おなじみ低俗路線丸出しのCMシーンなどは引き継がれているものの、全体的には巨大企業やテクノロジー、そして『人間』の暴走を描いたシリアスな内容。改造前のマーフィーを描く回想シーンもあり、ちょっとした刑事ドラマ的な迫力である。前のTVシリーズでは排除されていた流血・暴力シーンも復活している(映画版には及ばないが)。
ややテンポの悪いところもあるが、アクションシーンも気合いが入っており、二挺のオート9を操る新型ロボコップや、ロボコップ同士のメキシカン スタンドオフなど、新たなトレンドを取り入れた見せ場も多い。

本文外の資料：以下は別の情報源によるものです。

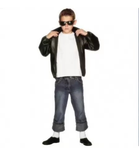 Este complemento chaqueta grease infantil se encuentra disponible en diferentes tallas para niño y es un artículo ideal para combinar con unas gafas y un poco de gomina en tu pelo y romper tu próxima fiesta de disfraces...
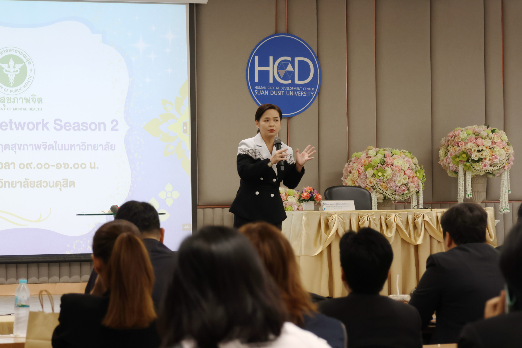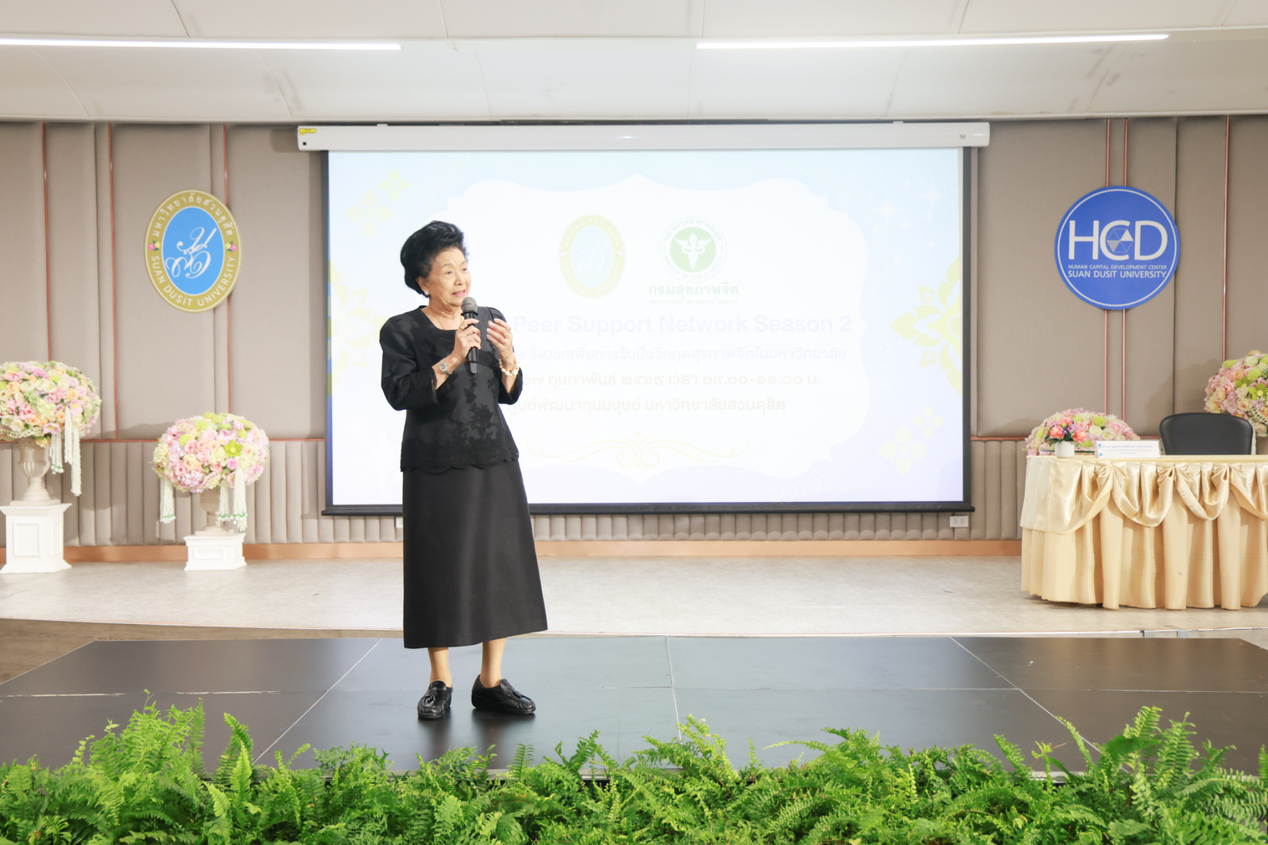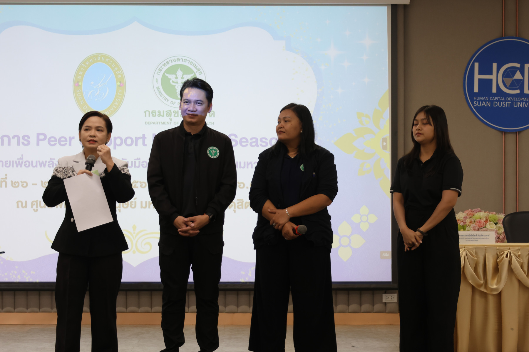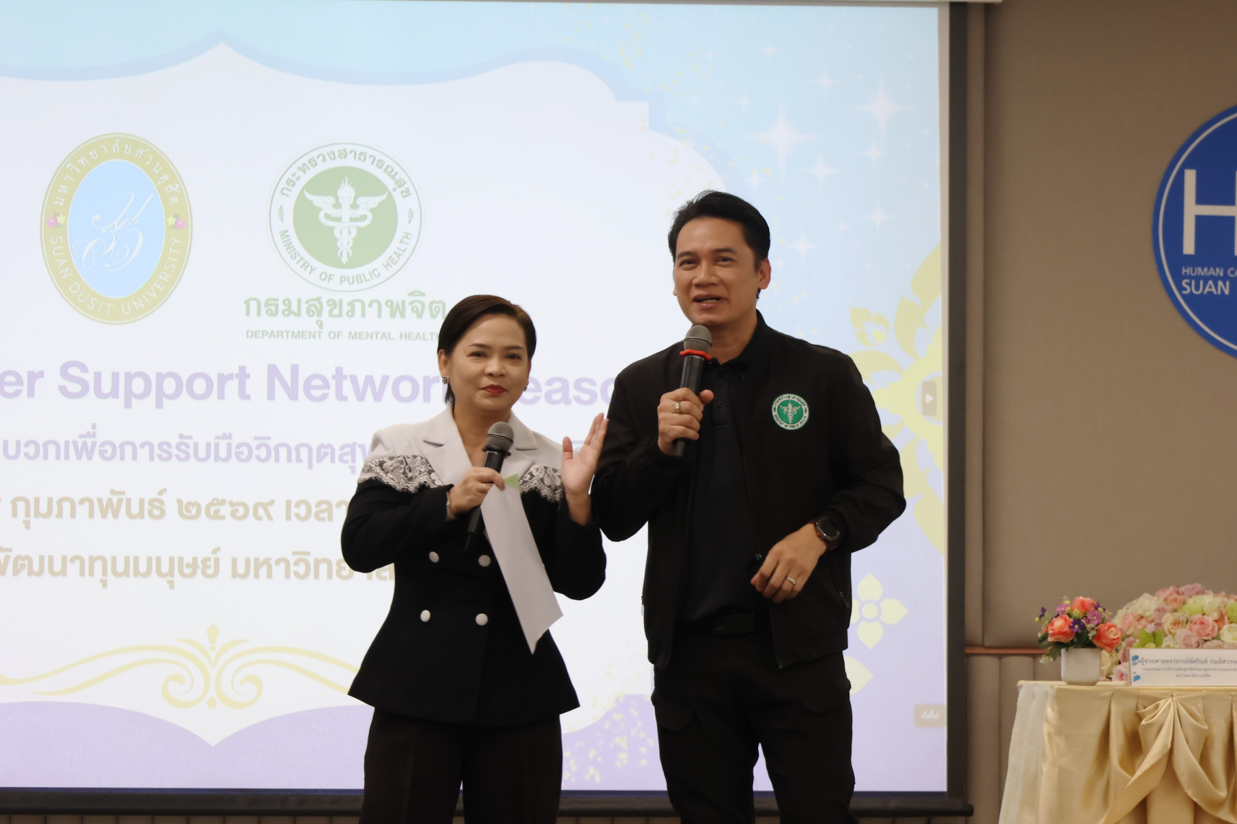 โดยมี ผู้ช่วยศาสตราจารย์พัศรินท์ ก่อเลิศวรพงศ์ กรรมการบริหารหลักสูตรจิตวิทยาอุตสาหกรรมและองค์การ คณะมนุษยศาสตร์และสังคมศาสตร์ มหาวิทยาลัยสวนดุสิต เป็นวิทยากรหลัก และมีทีมผู้ช่วยวิทยากรจากนักศึกษาหลักสูตรจิตวิทยาอุตสาหกรรมและองค์การ รวมทั้งนักศึกษาชมรมเพื่อนพลังบวก (Peer Support Club) ร่วมสนับสนุนการฝึกปฏิบัติ ในช่วงบ่าย เป็นการซ้อมแผนเผชิญเหตุสุขภาพจิตของมหาวิทยาลัยโดยคณะกรรมการบัญชาการเหตุการณ์ด้านสุขภาพจิต (SDU-ICS) พร้อมรับข้อเสนอแนะจากตัวแทนของศูนย์สุขภาพจิตที่ 13 และพิธีปิดการอบรมและมอบเกียรติบัตรแก่ผู้เข้าร่วม ได้รับเกียรติจาก รองศาสตราจารย์พัชรี สวนแก้ว รองอธิการบดีฝ่ายกิจการนักศึกษา มหาวิทยาลัยสวนดุสิต เป็นประธานในพิธี
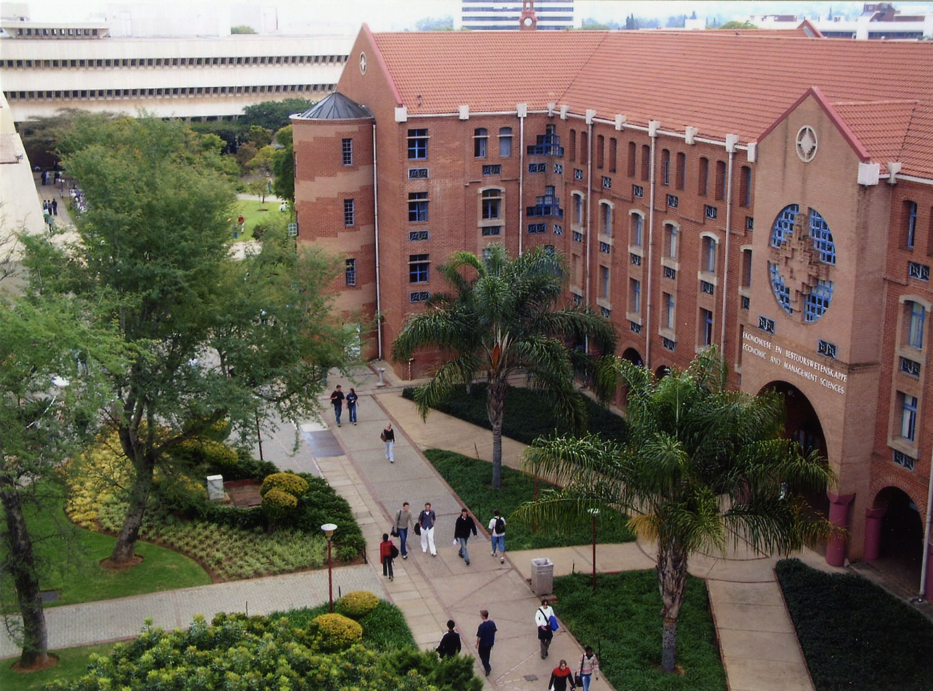 Aerial side view of the Economic and Management Science Building, Hatfield Campus, University of Pretoria.
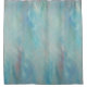 Often strokes of soft blue and multi coloured hues abstract art shower curtain. Ideal for a modern bathroom. Modern soft blended painting in acrylics by Sarah Trett. www.sarahtrett.com for www.mylittleeden.com
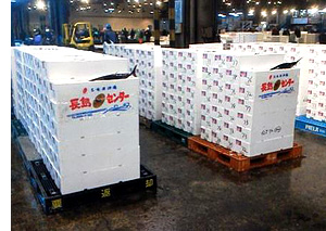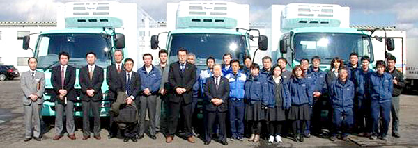 これは昨年の震災後、仙台水産グループ復興の一環として宮城県に申請し、認定された補助金の利用により購入したものです。同日行われた納車式では、鈴木社長が新車3台を前に安全運行祈願を行い、「震災後の復興に向け、待望の新車納入を機に今後ますます安全運転、安全作業に取り組みグループに貢献しよう」とあいさつしました。来賓の島貫仙台水産会長は、「皆さんの努力、一致団結と協力で今後も頑張ってほしい」と社員を激励しました。3台は早速、地方出荷分の定期便として運行に組み込まれ稼動を始めました。

日本ではTV放映はおろかビデオレンタルもされなかったため知名度が低く、また『例のテーマ曲』が使われないなど寂しい面もあるものの、なかなか見応えのあるシリーズとなっている。
その他設定 †
オート9 (Auto 9) †
ロボコップのサイドアームであるオート9は、ベレッタ 93Rを改造して製作されたプロップガンである。主な特徴は、コンペンセイターとバレルウェイトを兼用する大型パーツ、アイアンサイトの大型化、プラスチック製のカスタムグリップなど。設定では装弾数50発とのことだが、実際はオリジナルの93R同様、20連弾倉を使用している。通常はロボコップの右太腿部に収納されており、自動で出し入れする。
その威圧的な外見で人気が爆発し、ジャッキー・チェン主演の実写版『シティーハンター』や、PC恋愛ゲーム『FESTA!! -HYPER GIRLS POP-』など、『ロボコップ』とは関係の無い作品にも登場している。

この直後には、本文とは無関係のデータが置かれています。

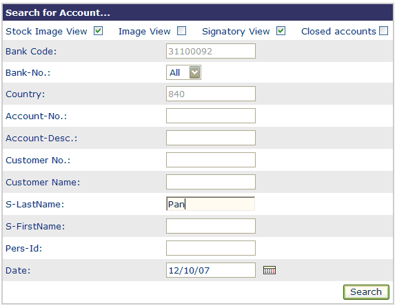 The entry produces a list of fitting customers having a signatory with this name and all their accounts.
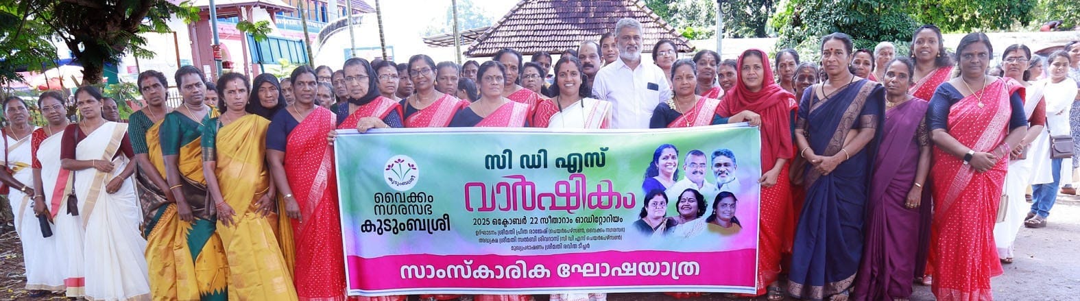 വൈക്കം: വൈക്കം നഗരസഭ കുടുംബശ്രീ സി.ഡി.എസ് വാര്ഷികവും സാംസ്കാരിക ഘോഷയാത്രയും സീതാറാം ഓഡിറ്റോറിയത്തില് പൊതു സമ്മേളനവും നടത്തി. നഗരസഭയുടെ 26 വാര്ഡുകളില്പ്പെട്ട 209 അയല്ക്കൂട്ടങ്ങളിലെ അംഗങ്ങള് സമ്മേളനത്തിലും ഘോഷയാത്രയിലും പങ്കെടുത്തു. സമ്മേളനത്തിന് സമാരംഭം കുറിച്ച് വടക്കേനട ദേവസ്വം ഗ്രൗണ്ടില്നിന്നും സമ്മേളനസ്ഥലമായ സീതാറാം ഓഡിറ്റോറിയത്തിലേക്ക് സാംസ്കാരിക ഘോഷയാത്ര നടത്തി. വാദ്യമേളങ്ങളും അലങ്കാരങ്ങളും ഘോഷയാത്രയെ ശ്രദ്ധേയമാക്കി.
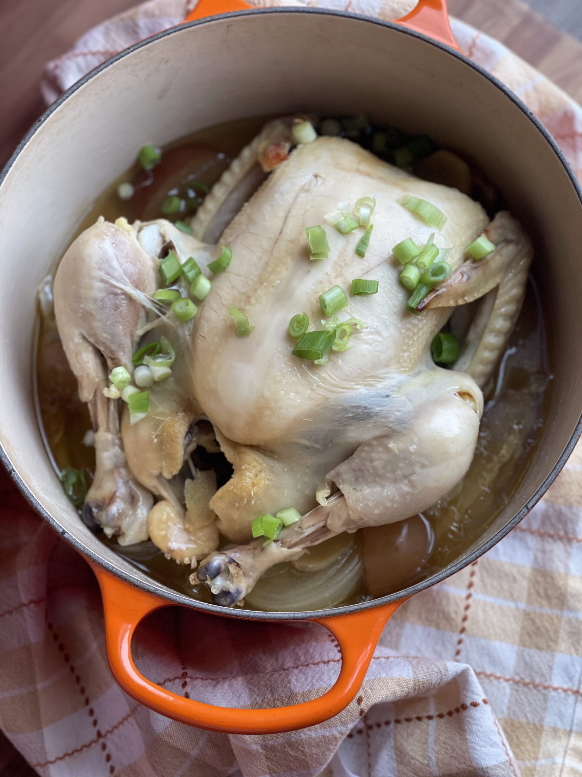 Remove from the oven. The chicken should be extremely tender and the pot filled with golden broth.
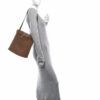 The Prada Suede Buckle Bucket Bag in brown is a sophisticated blend of utilitarian design and luxurious texture, showcasing the Maison’s expert leather craftsmanship.
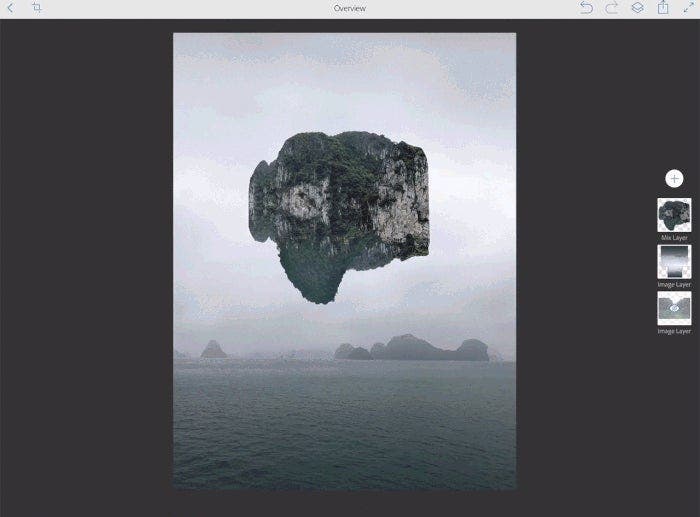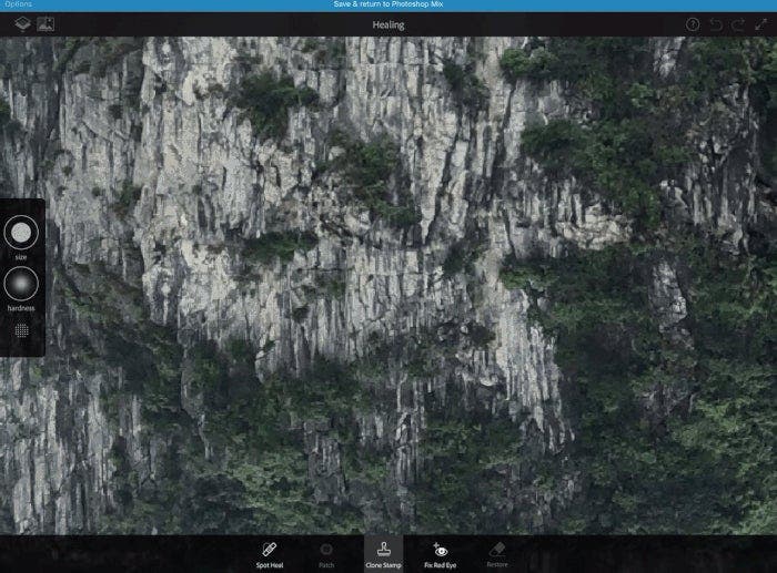 3. Clone Stamp. The Clone Stamp Tool in Photoshop Fix is amazing for retouching photos. It samples pixels from one area of an image and lets you paint those pixels onto another area of the image. I could see some paste lines in my floating island, so I jumped over from Photoshop Mix into the healing panel in Photoshop Fix (accessible under More Tools) and used the Clone Stamp Brush to blend the images together.

なお、3作目のオート9の発砲シーンでは、諸般の事情から92Fをベースに製作されたプロップガンが使われており、銃の構造の関係から3点バーストは再現されておらず、フルオートとなっていた。このため劇中、92F同様のスライド部のセレクターが窺える。この92Fベースのオート9は、のちに映画『シン・シティ』でブルース・ウィリス演じるハーティガンが殺し屋から奪って使用する銃として、チョイ役ながら登場している。
決めゼリフ †
第1作。序盤のクラレンスのアジト、マーフィーがエミールを追いつめて;
“Go ahead and do it. Dead or alive, you're coming with me.”
(やってみろ。殺してでもしょっ引いてくぞ)
中盤でも飛び出し、ロボコップが自分の過去を知るきっかけとなるセリフ。 『プライム・ディレクティヴ』にも同様のセリフが出てくる。
上記の台詞(原文)はMGM映画『ロボコップ』からの引用です。